VMware (VMW - Free Report) revenues were $2.48 billion in the reported quarter, up 11.4% year over year, driven by portfolio strength. Notably, Dell has a majority stake in VMware.

Moreover, revenues from other businesses (Pivotal, Secureworks, RSA, virtustream and Boomi) increased 10% year over year to $644 million.

Operating Details

Non-GAAP gross profit increased 11% year over year to $7.77 billion. Gross margin expanded 300 basis points (bps) from the year-ago quarter to 33.9%.

Adjusted EBITDA increased 17.8% year over year to $2.86 billion. Adjusted EBITDA margin expanded 180 bps year over year to 12.5%.

Non-GAAP operating expenses grew 7.9% year over year to $5.33 billion. Moreover, operating expenses, as a percentage of revenues, increased 140 bps year over year to 23.2%.

ISG operating income climbed 6.5% year over year to $996 million. CSG operating income jumped 65.3% year over year to $739 million.

VMware operating income decreased 6.6% year over year to $717 million.

Non-GAAP operating income was $2.44 billion, up 18.3% from the year-ago quarter. Operating margin expanded 150 bps year over year to 10.7%.

Balance Sheet and Cash Flow

As of Nov 2, 2019, Dell had $9.4 billion in cash and cash equivalents. Long-term debt was $44.73 billion.

The company repaid roughly $1.1 billion of gross debt in the quarter. Notably, Dell has repaid approximately $18 billion of gross debt over the three years following the EMC transaction's completion. The company is on track to repay approximately $5 billion of gross debt in fiscal 2020.

Cash flow from operations was $1.82 billion in the reported quarter compared with $3.28 billion in the previous quarter.

Guidance

For fiscal 2020, Dell expects revenues between $91.8 billion and $92.5 billion. Operating income is expected in the range of $10-$10.2 billion.

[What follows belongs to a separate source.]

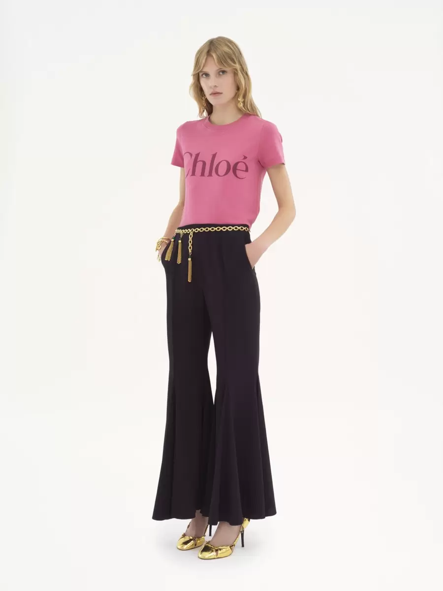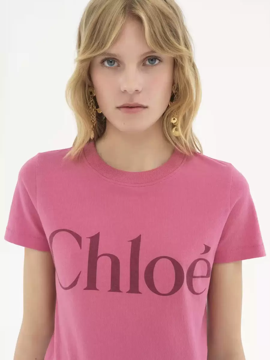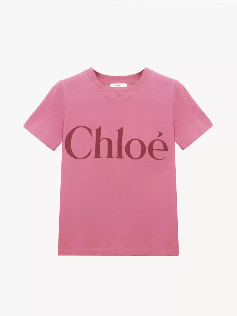 Crew-neck baby fit T-shirt in light washed organic cotton jersey, featuring a contrast Chloé logo print at the front.

Moreover, fiscal 2020 earnings are expected between $7.25 and $7.40 per share.

Zacks Rank & Key Picks
 

Dell currently carries a Zacks Rank #3 (Hold).

Some better-ranked stocks worth considering in the same industry are Computer Task Group (CTG - Free Report) and CDW Corporation (CDW - Free Report) , both carrying a Zacks Rank #2 (Buy). You can see the complete list of today’s Zacks #1 Rank (Strong Buy) stocks here.

Long-term earnings growth rate for Computer Task Group and CDW is pegged at 15% and 13.1%, respectively.